UPDATE: I should add that it makes perfect commercial sense to exempt a treaty clause, meaning a s9 type clause, from the new legislation needed to sell shares in the SOEs. A treaty clause would add some uncertainty around the assets and drive the share price down. However, refusing to insert a treaty clause in the new legislation is probably a breach of the principles.


  1. since when has the crown ever been concerned about 'breaching the principles'?

  2. Kiaora.

    'Asset ownership is increasingly important for meaningful participation in society and the economy. Ownership enhances the ability of people to access opportunities and to invest
    in the future – by buying a house, financing education, and so on – and allows people to cope with shocks. Assets provide greater security, control, and independence. A broad distribution of ownership also generates enhanced social cohesion at a national level, and ensures that more New Zealanders obtain the benefits of economic growth. So
    helping all New Zealanders acquire assets will make a significant contribution to New Zealand’s economic and social future. In recognition of the increasing importance of asset ownership, many countries are introducing and expanding ‘asset based policies’ that assist and encourage people to
    accumulate wealth. Creating an ownership society, in which ownership of assets is broadly distributed through the population and in which all people are able to accumulate
    wealth over their lifetimes, is a policy priority across many countries. And such policies are advocated by governments and political parties from across the political spectrum; it is not a policy solely of the left or of the right.

    It's about ownership, not assets - Professor Tim Hazledine recently argued in the New Zealand Herald that it was rational for the public to oppose a partial sell-down of the Crown's ownership of SOEs because they "truly merit the designation of being 'strategic' businesses for our country". He also objected to earmarking the proceeds from a partial sale for particular spending projects. Those projects should stand or fall on their own merits.

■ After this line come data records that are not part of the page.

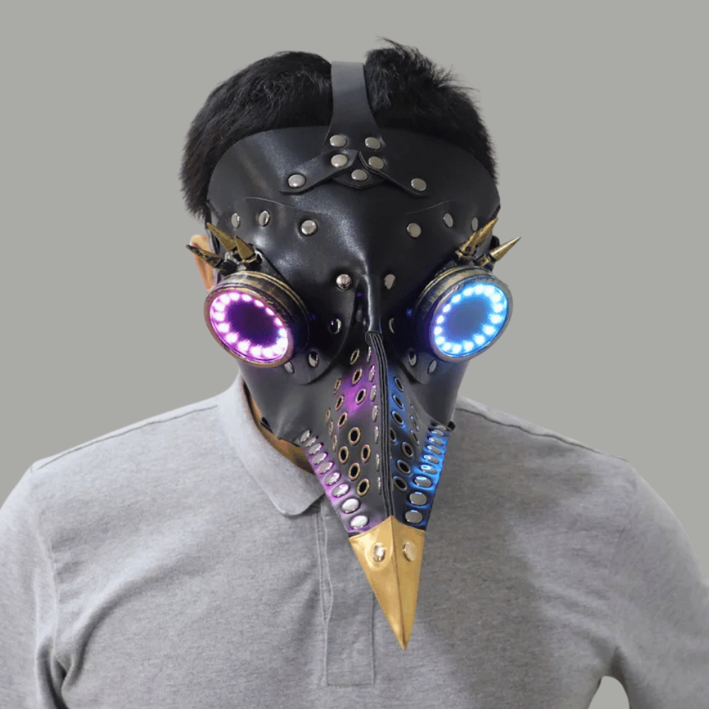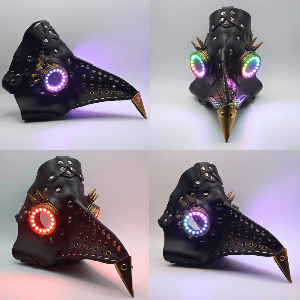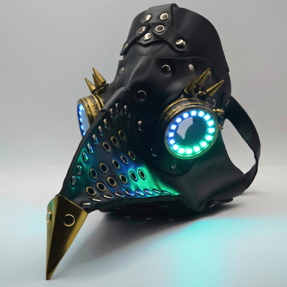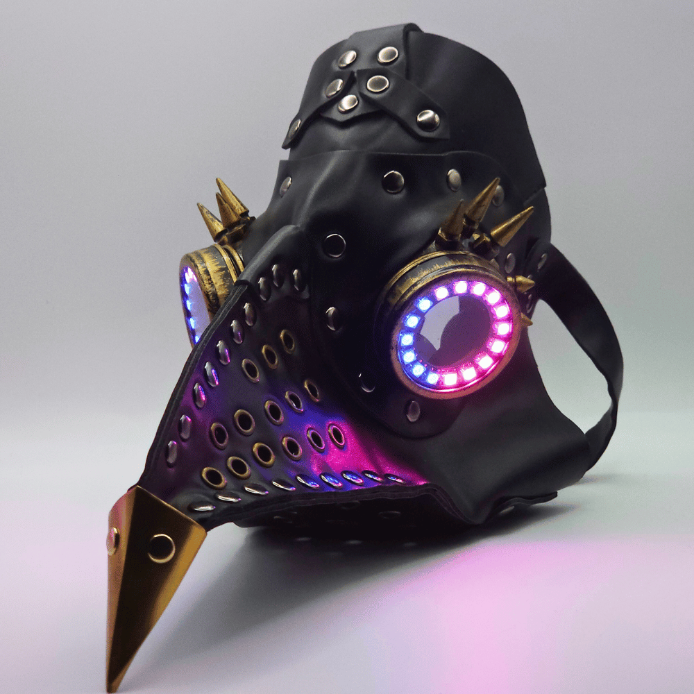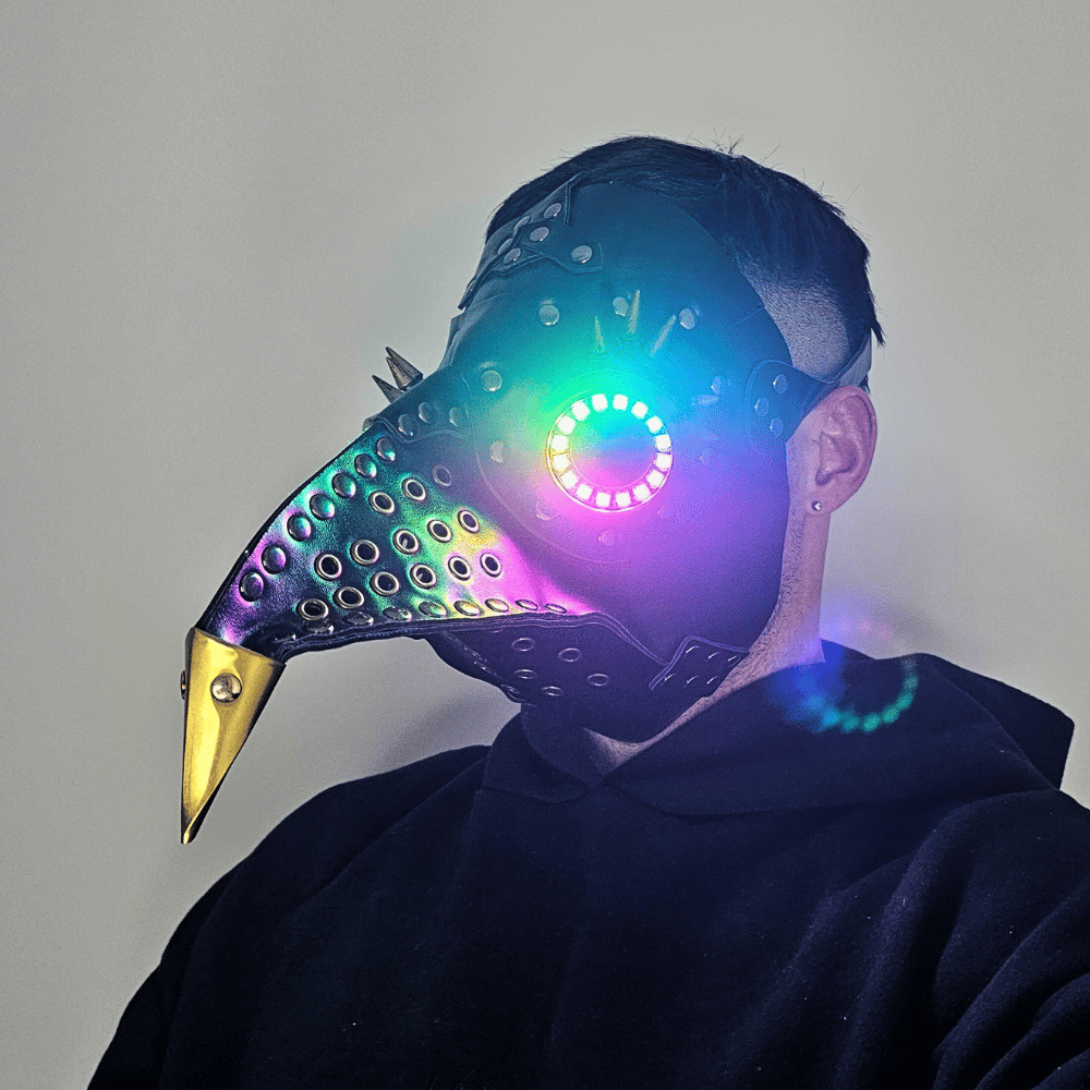 Introducing the Plague LED Mask – a fusion of steampunk grit and next-gen rave tech made for hardcore ravers who demand the highest quality. With fully customisable remote-controlled multicolour LEDs and a post-apocalyptic aesthetic, your aura will radiate to those around you and turn heads at your next rave or music festival.
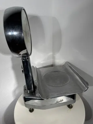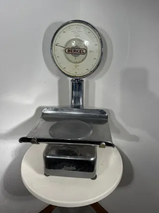Bilancia vintage Berkel, un pezzo da collezione in acciaio. Perfetta per aggiungere un tocco retrò alla tua casa o attività. - Materiale: Acciaio - Marca: Berkel - Design: Classico da banco - Quadrante: Circolare con indicazioni in kg Bilancia da collezione BERKEL materiale in acciaio con frontale Bifacciale in vetro. Portata 5 kg. Misure 75x40x45 cm circa. Seguici sui nostri social: @alexdesignmilano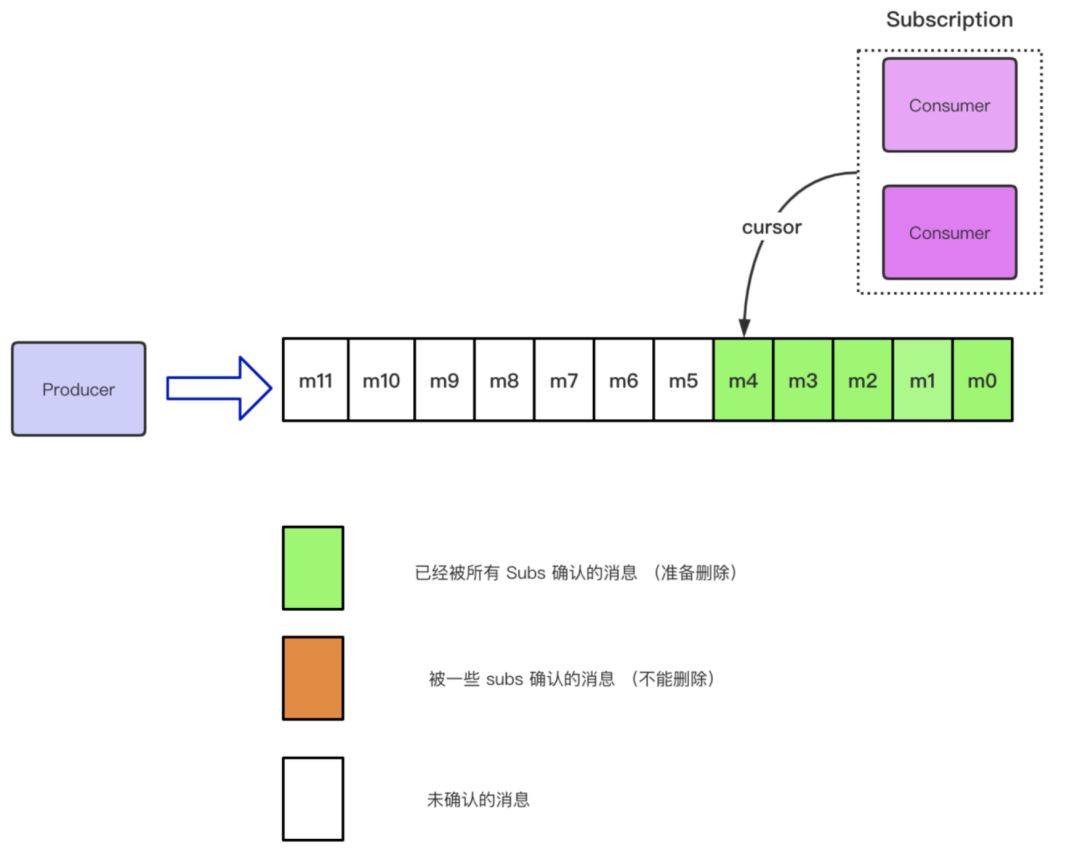 当某条消息被所有订阅者都 Ack 之后,这条消息进入【可以被删除】的状态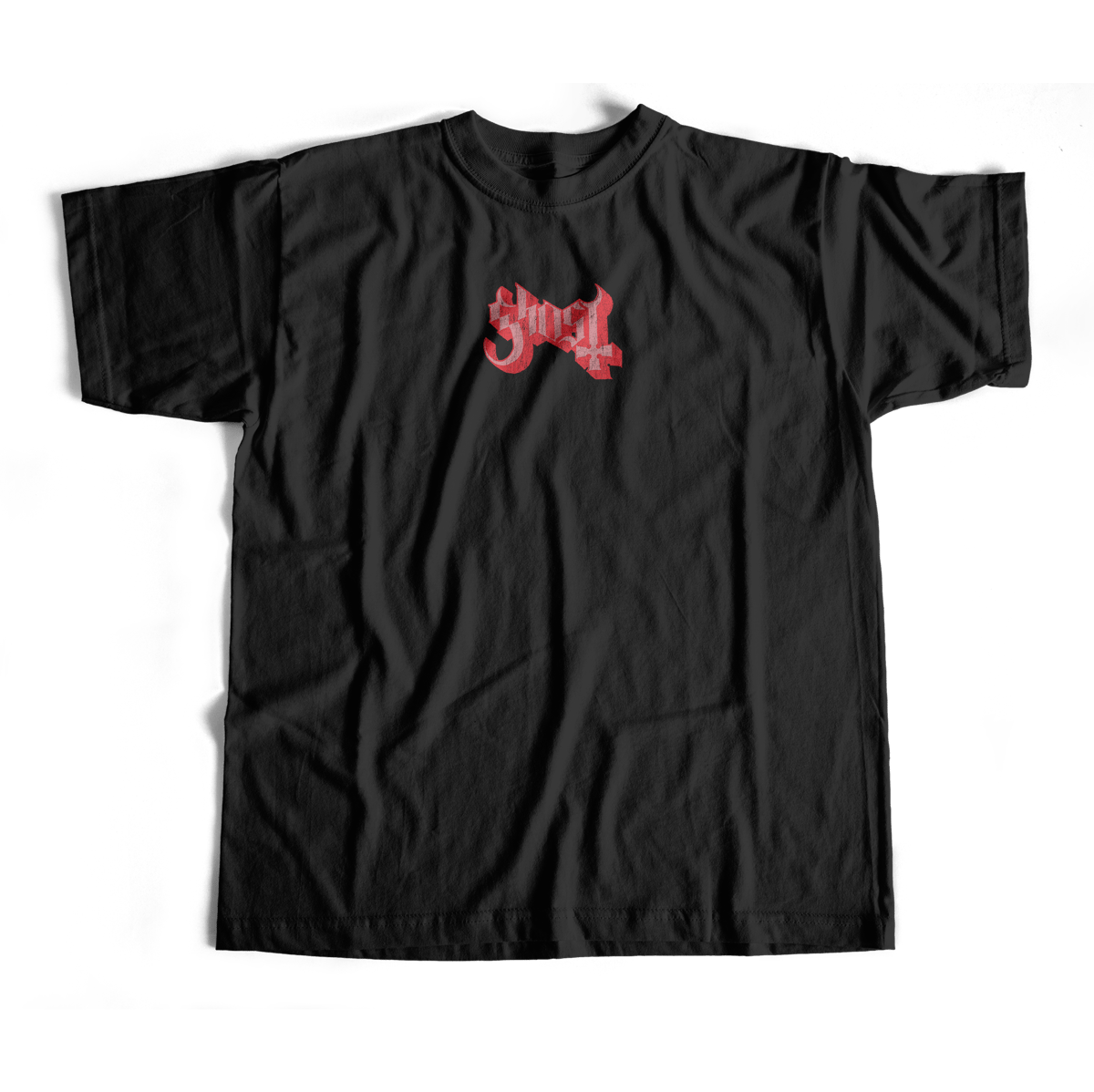 Camiseta com uma ilustração original inspirada na banda Ghost, misturando misticismo e teatralidade, traduzindo a aura ritualística e o visual marcante da banda, feita para quem aprecia o oculto com estilo.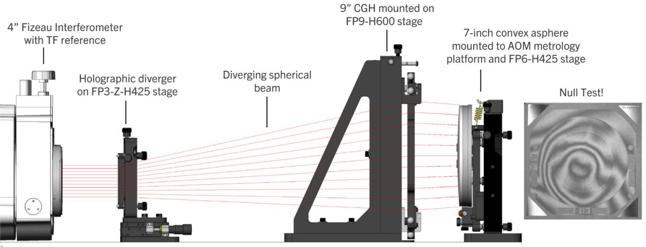 航空相機(jī)鏡頭的組裝中,因?yàn)樯婕暗降墓鈱W(xué)元件尺寸往往較大較重,且材料、面型、封裝方式等基于光學(xué)設(shè)計(jì),要求各不相同。并且考慮到實(shí)際使用時的復(fù)雜環(huán)境,所以對各個光學(xué)元件的標(biāo)定測試有著極高的要求,一種常用的方式是基于干涉檢測計(jì)算全息圖(CGH),實(shí)現(xiàn)對柱面光學(xué)器件的干涉檢測。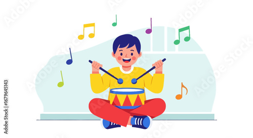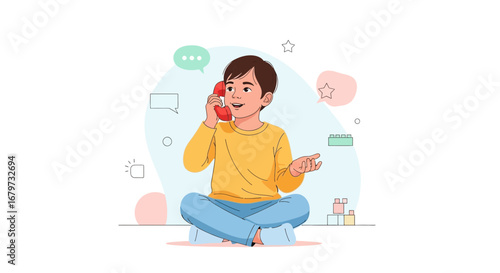 Школа робототехники. Милый мальчик, будущий инженер, строящий робота, плоская векторная иллюстрация. Детская робототехника.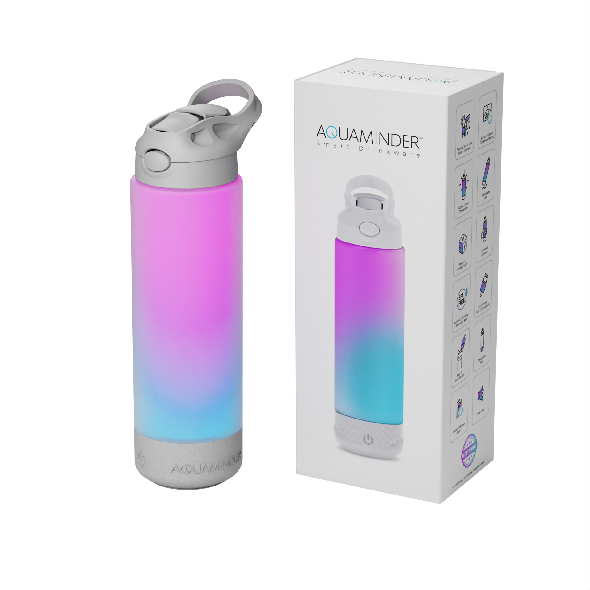 Aquaminder features an innovative "Sound & Glow of Hydration" reminder system that beeps and glows every hour to remind you to drink water. Simply set it up, and it will ensure you never forget to stay hydrated, even during your busiest moments.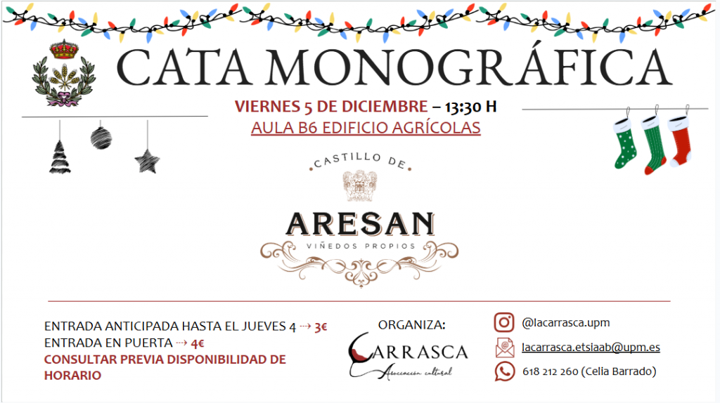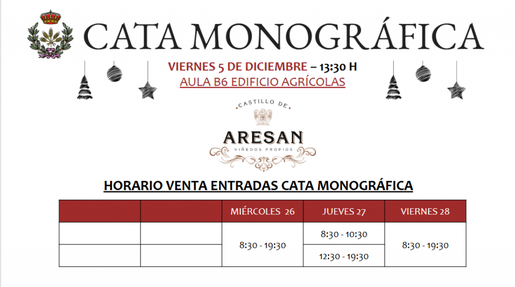 La cata se celebrará el día 5 de Diciembre a las 13.30 horas en el aula B6 del edificio de agrícolas de la Escuela Técnica Superior de Ingeniería Agronónmica, Alimentaria y de Biosistemas (E.T.S.I.A.A.B.).

    The debate over asset sales is a debate over ownership, not the assets. Economists widely agree that ownership matters. The argument that politicians make poor businessmen and women is so obvious as to scarcely need any elaboration. Politicians commonly have little or no commercial expertise, (unless your John Key, whom the former President of the U.S.A. Bill Clinton cited as a major player in the global financial meltdown) and their foremost incentive is to get re-elected. Board appointments are too often politicised, as may be an SOE's objectives and its investment, remuneration or pricing decisions. The absence of any market test of what is happening to the value of the firm or the return on capital, allows taxpayers' capital in SOEs to be destroyed non-transparently.